In the records below, begin at the line containing "スプレータイプの窓ガラス撥水" and end at the line containing "Having been a"; quote every line in that span exactly, including both boundary lines, and no others.

**Data to examine**.
• • • • •
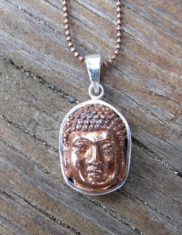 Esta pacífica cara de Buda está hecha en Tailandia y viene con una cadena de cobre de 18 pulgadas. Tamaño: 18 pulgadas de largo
• • • • •
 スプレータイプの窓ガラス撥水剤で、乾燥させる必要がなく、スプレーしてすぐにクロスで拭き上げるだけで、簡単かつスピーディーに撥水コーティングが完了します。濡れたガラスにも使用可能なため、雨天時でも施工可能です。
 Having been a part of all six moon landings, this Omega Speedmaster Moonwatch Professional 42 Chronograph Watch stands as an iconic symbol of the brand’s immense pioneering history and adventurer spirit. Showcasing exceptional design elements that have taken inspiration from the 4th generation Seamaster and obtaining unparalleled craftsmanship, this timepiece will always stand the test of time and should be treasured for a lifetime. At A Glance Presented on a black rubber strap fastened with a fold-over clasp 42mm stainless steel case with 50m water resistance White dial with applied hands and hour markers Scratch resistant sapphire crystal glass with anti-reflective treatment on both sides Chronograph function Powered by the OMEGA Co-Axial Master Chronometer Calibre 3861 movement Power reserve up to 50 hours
• • • • •
**Response for this exercise**.
 スプレータイプの窓ガラス撥水剤で、乾燥させる必要がなく、スプレーしてすぐにクロスで拭き上げるだけで、簡単かつスピーディーに撥水コーティングが完了します。濡れたガラスにも使用可能なため、雨天時でも施工可能です。
 Having been a part of all six moon landings, this Omega Speedmaster Moonwatch Professional 42 Chronograph Watch stands as an iconic symbol of the brand’s immense pioneering history and adventurer spirit. Showcasing exceptional design elements that have taken inspiration from the 4th generation Seamaster and obtaining unparalleled craftsmanship, this timepiece will always stand the test of time and should be treasured for a lifetime. At A Glance Presented on a black rubber strap fastened with a fold-over clasp 42mm stainless steel case with 50m water resistance White dial with applied hands and hour markers Scratch resistant sapphire crystal glass with anti-reflective treatment on both sides Chronograph function Powered by the OMEGA Co-Axial Master Chronometer Calibre 3861 movement Power reserve up to 50 hours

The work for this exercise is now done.